Ticket Created
over 2 years ago

CIQTOOLS-128

Unused new expressions are discarded

Given:

    var wasCalled as Boolean = false;
    class C {
        function initialize(logger as Logger) {
            logger.debug("This should appear");
            wasCalled = true;
        }
    }

    (:test)
    function test(logger as Logger) as Boolean {
        new C(logger);
        return wasCalled;
    }

The code compiles with no warnings or errors with strict type checking enabled, but the test fails. If I change it to "var c = new C(logger);" instead, it passes.

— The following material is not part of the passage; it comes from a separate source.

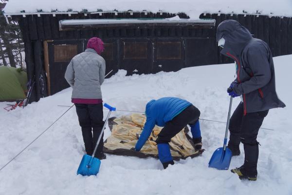 しかし、あまりの風の強さに、燕山荘まで行く予定だったんですが、合戦小屋で一泊することに。
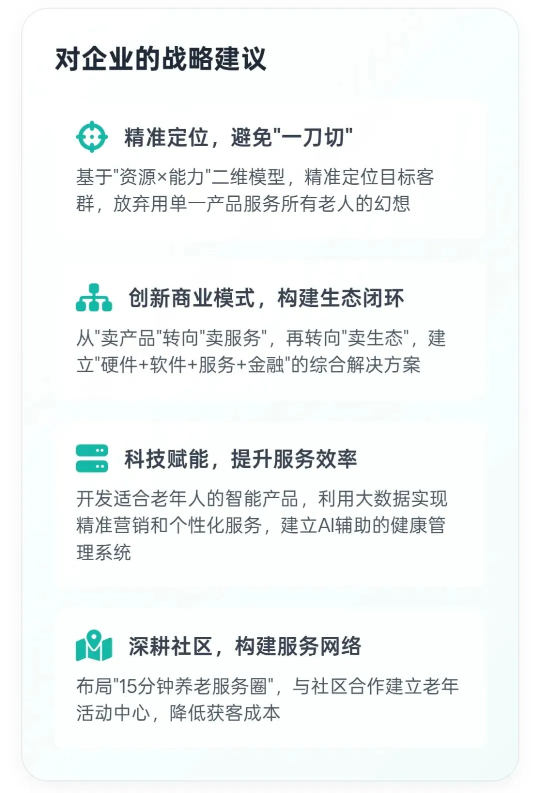 基于以上分析,对进入银发经济领域的企业提出以下战略建议:

It looks like the compiler completely ignores the "new C". I get the same behavior with every recent sdk, including 4.1.5, 4.1.6 and 4.2.0-beta (and with the last two, at any optimization level).

EDIT: There's more strange behavior. If I add a public foo() method to C, and a public x as Number:

(new C(logger)).foo(); // works as expected. A C is constructed, and foo is called
(new C(logger)).x; // compiles, but C is not constructed
(new C(logger)).x++; // syntax error
++(new C(logger)).x; // syntax error
(new C(logger)).x = 42; // syntax error

EDIT2: Sorry, too many moving parts.

It turns out that (new C(logger)).x does construct a C in 4.1.5, but doesn't in 4.1.6 or 4.2.0-beta (unless you compile at -O0)

Parents Comment Children
  • Can you point me to it, I can't seem to find it...

    I filed a bug months ago about issues compiling certain top level expressions, and there are similar issues for things like "x && foo();" which ought to be shorthand for "if (x) { foo(); }" but which actually tends to fail to compile (I've not checked if any of those were fixed recently).

    I also see that '[1, 2, foo(), 3]' as a top-level expression seems to get thrown away entirely (ie foo() does not get called). I guess the compiler decides that constructing the array is pointless, but forgets that the elements might have side effects. Maybe this is what the other issue referred to?